Tuesday, May 10, 2011

Paradox of Isolation in Mass Society

People are genetically hard-wired to connect with other people. This urge is so strong that if you and me are the only ones on a desert island, we're automatically best friends.

As the population goes up, so do the choices. The fewer the people, the less picky anyone can afford to be. If you live in a village of 30, and one of you is obnoxious, well, you just have to put up with it. But if the population gets to 300, you're less inclined to tolerate this. If the population goes up to 30,000, you're less likely to tolerate even minor defects you perceive in others.

This inevitably leads to a troublesome conundrum, the effects of which we see all around us in modern mass society. We seek to be with other people, but since there are so many options, we get pickier. In a city of 500,000, you just eliminate people who are too young or too old, or maybe people from different backgrounds or of a different economic stratum. Or because of political differences, even racial differences.
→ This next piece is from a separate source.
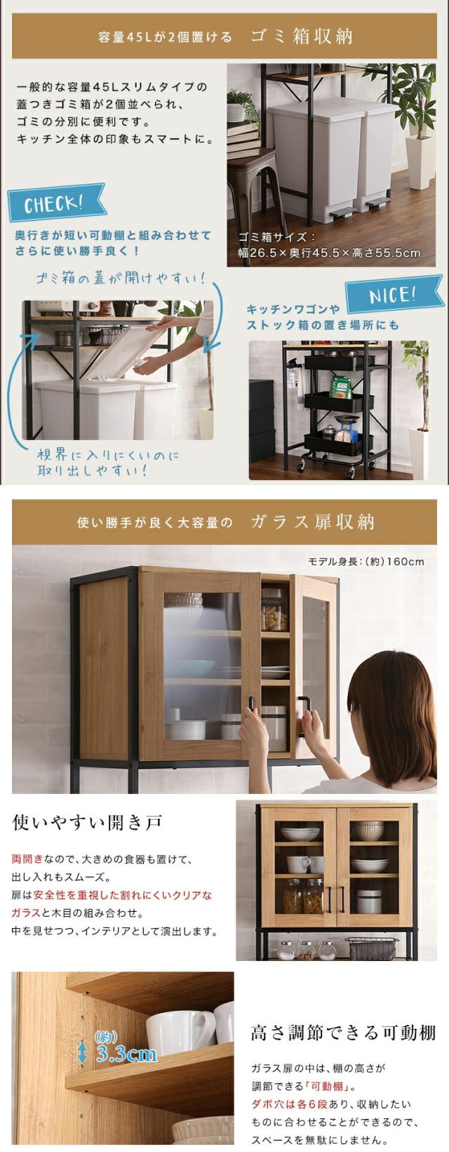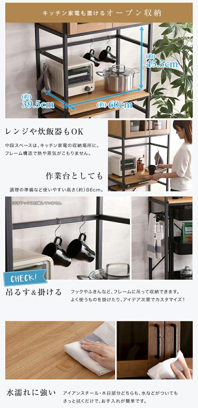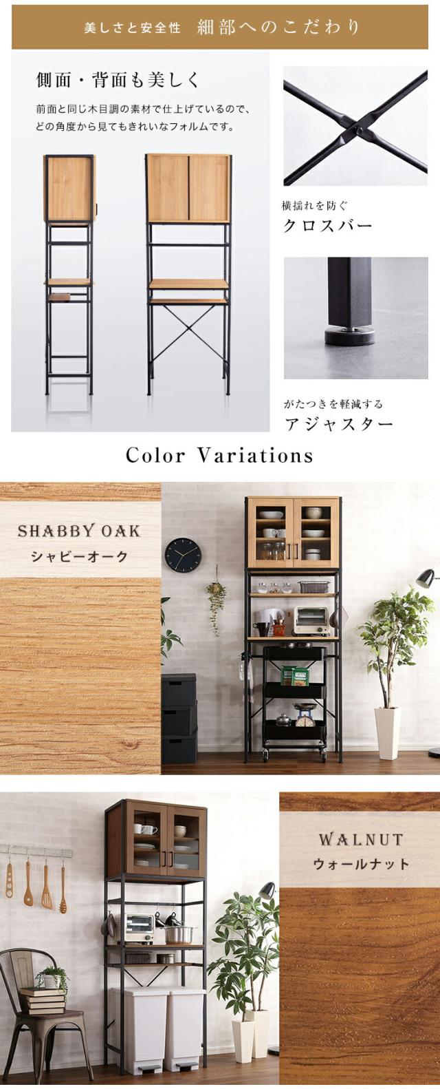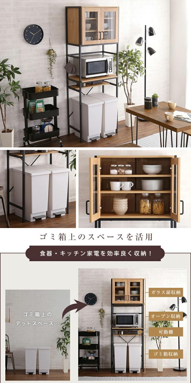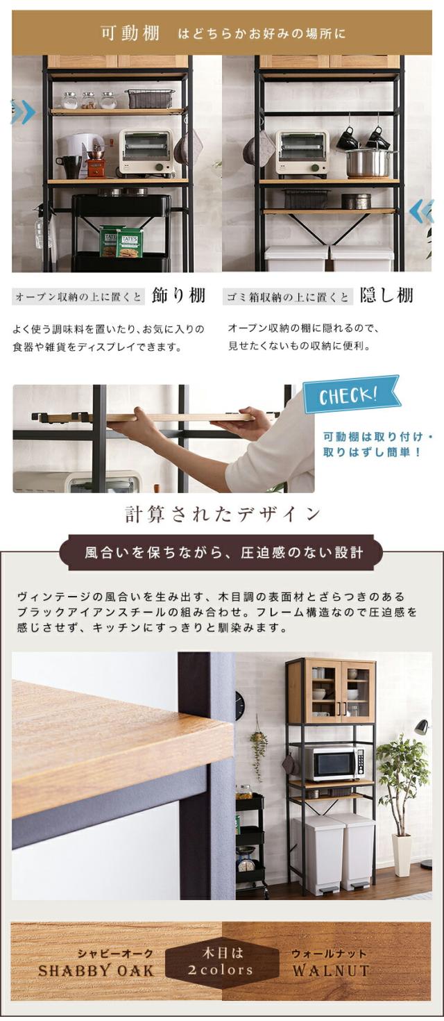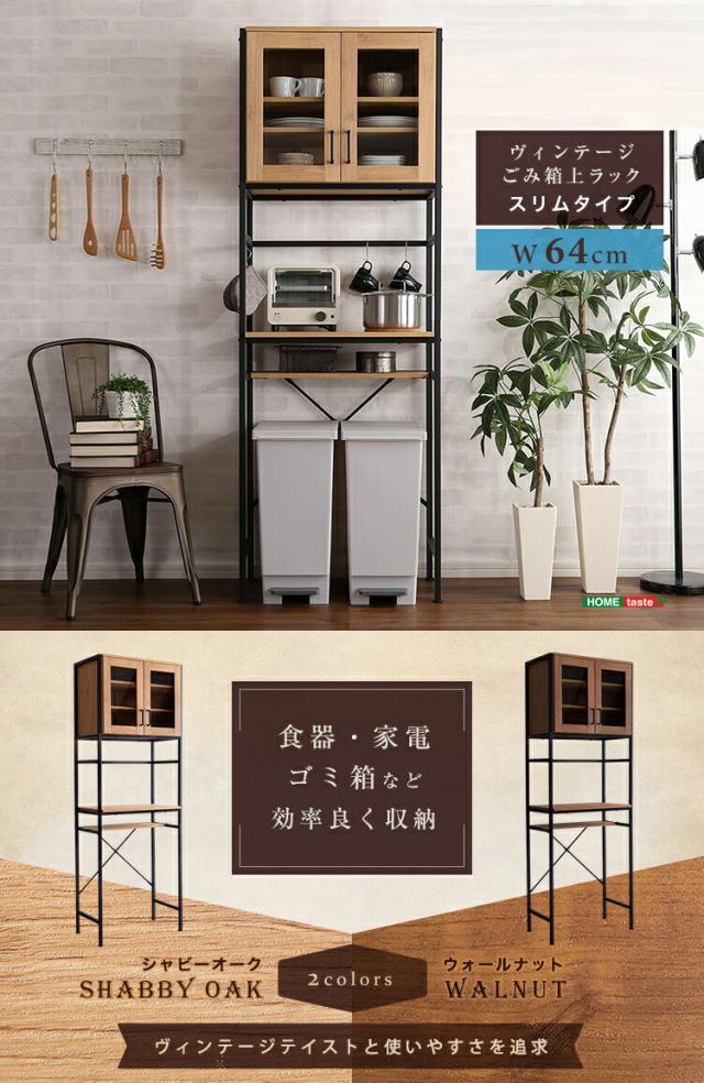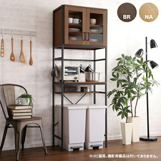 GEAR2 食器棚 幅 64cm ヴィンテージ ウォールナット シャビーオーク 幅64 奥行き40 高さ183cm ゴミ箱上収納 レンジ台 組立品 キッチン収納 カップボード キッチンボード おしゃれ ダイニングボード 台所収納

At a certain point you become thwarted: with so many options you develop the expectation that you can find someone without critically objectionable characteristics. So you're more likely to reject people for trivial reasons, e.g. this guy doesn't even like the Beatles!

Thus we end up with the weird paradox of people having difficulty finding people to be with even as they're surrounded by thousands of them. Because remember, even if you find someone you can accept, there's no guarantee they're going to accept YOU.

Lonely in an ocean of people. It doesn't make sense, but it seems to happen.